What you need to do: Below this line is the material. Write out only its lines from the one containing "وروي عن الكلبي" through the one containing "סט פיג’מה מכופתרת כותנה דובונים", both kept, exactly.

Data shown:
'''

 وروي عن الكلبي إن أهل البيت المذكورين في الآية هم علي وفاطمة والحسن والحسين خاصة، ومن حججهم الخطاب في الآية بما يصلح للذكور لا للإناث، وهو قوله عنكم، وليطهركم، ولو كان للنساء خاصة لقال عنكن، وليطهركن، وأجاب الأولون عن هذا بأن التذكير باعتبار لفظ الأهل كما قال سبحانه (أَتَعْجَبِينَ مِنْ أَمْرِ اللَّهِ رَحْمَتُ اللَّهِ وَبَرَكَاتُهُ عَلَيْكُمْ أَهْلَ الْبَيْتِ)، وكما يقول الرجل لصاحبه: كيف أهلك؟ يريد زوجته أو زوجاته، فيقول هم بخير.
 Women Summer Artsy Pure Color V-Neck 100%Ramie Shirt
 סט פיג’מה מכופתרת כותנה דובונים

'''
'''

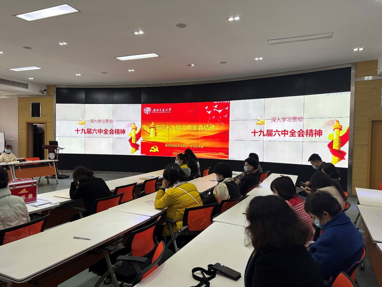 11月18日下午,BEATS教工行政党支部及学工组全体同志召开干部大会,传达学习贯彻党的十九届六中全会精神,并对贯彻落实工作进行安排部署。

'''
'''

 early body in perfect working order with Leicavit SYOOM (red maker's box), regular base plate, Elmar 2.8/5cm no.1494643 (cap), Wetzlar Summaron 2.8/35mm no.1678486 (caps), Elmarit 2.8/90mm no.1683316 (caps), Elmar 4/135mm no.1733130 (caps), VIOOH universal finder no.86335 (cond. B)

'''

Task output:
 وروي عن الكلبي إن أهل البيت المذكورين في الآية هم علي وفاطمة والحسن والحسين خاصة، ومن حججهم الخطاب في الآية بما يصلح للذكور لا للإناث، وهو قوله عنكم، وليطهركم، ولو كان للنساء خاصة لقال عنكن، وليطهركن، وأجاب الأولون عن هذا بأن التذكير باعتبار لفظ الأهل كما قال سبحانه (أَتَعْجَبِينَ مِنْ أَمْرِ اللَّهِ رَحْمَتُ اللَّهِ وَبَرَكَاتُهُ عَلَيْكُمْ أَهْلَ الْبَيْتِ)، وكما يقول الرجل لصاحبه: كيف أهلك؟ يريد زوجته أو زوجاته، فيقول هم بخير.
 Women Summer Artsy Pure Color V-Neck 100%Ramie Shirt
 סט פיג’מה מכופתרת כותנה דובונים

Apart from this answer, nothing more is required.